De overheid als lesmateriaal: Megalomane ICT-projecten

De overheid als lesmateriaal: Megalomane ICT-projecten
Grote ICT-projecten vormen een risico voor organisaties, zo blijkt ook uit de bevindingen van de Commissie-Elias. ICT moet van dat label afkomen en een plaats krijgen in het leiderschapscurriculum. Maar hoe? Kennis nemen van deze vijf ‘ongemakkelijke waarheden’ is een goed begin.

Op grote ICT-projecten berust een vloek, zo lijkt het. Ze zijn in ieder geval meer risico dan zegen voor de carrière van een topmanager die zo’n project krijgt toebedeeld. Zelfs een executive sponsorship achter een prestigieus ICT-project kan een faalfactor worden.
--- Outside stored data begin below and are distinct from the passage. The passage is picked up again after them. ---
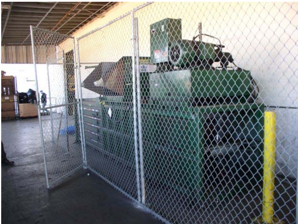
Exhibit 2. Side view of the cardboard baling machine.
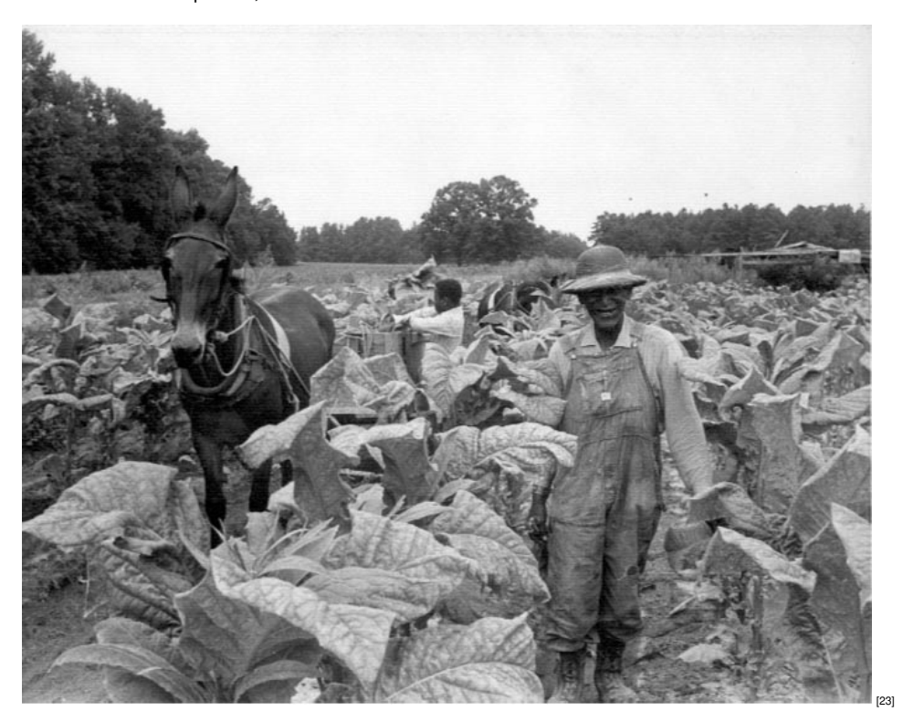
Men and women harvesting tobacco.
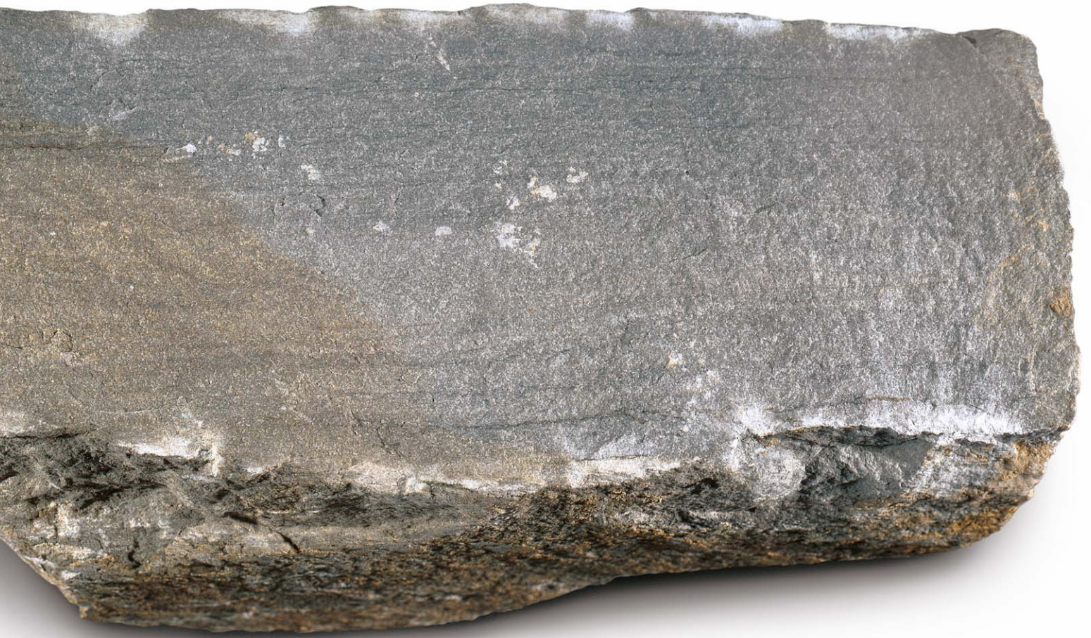
Rubble stone (scale 1:1)

Alle reden dus om drie keer na te denken voordat je je inlaat met ICT.

Dat moet anders, zeker nu bij steeds meer organisaties data en informatietechnologie de bron worden voor economische waardecreatie. De digitalisering van organisaties, bedrijfsprocessen en zelfs verdienmodellen, dwingt een andere aanpak van ICT-projecten af. ICT moet af van het label ‘carrièrekamikaze’ en een plaats krijgen in het leiderschapscurriculum. Wie wil slagen op weg naar de top van een bedrijf dat steeds digitaler wordt, kan het beste leren van fouten. Een les in de anatomie van het falen. De publieke sector ligt op de snijtafel.

OVERHEID ALS LESMATERIAAL
Ieder jaar is de Nederlandse overheid naar schatting vier tot vijf miljard euro kwijt aan mislukte ICT-projecten. Van de projecten met een budget van 7,5 miljoen euro of meer slaagt slechts zeven procent. Dat is een van de conclusies van de tijdelijke ICT-commissie van de Tweede Kamer. De lijst van mislukkingen is schrikbarend: ze komen voor bij uitkeringsinstantie UWV, bij de modernisering van de Gemeentelijke Basisadministratie, bij de Gemeente Amsterdam, bij de ICT-basisvoorzieningen voor de politie en bij het nieuwe (ERP)-softwaresysteem van het Ministerie van Defensie. In dat laatste geval werd het project vier keer zo duur en ontstond een vertraging van zes jaar. Is de Nederlandse overheid echt uniek in het falen van grote ICT-projecten? Het antwoord is nee. Ook in andere westerse landen worstelen overheden met big bang-projecten.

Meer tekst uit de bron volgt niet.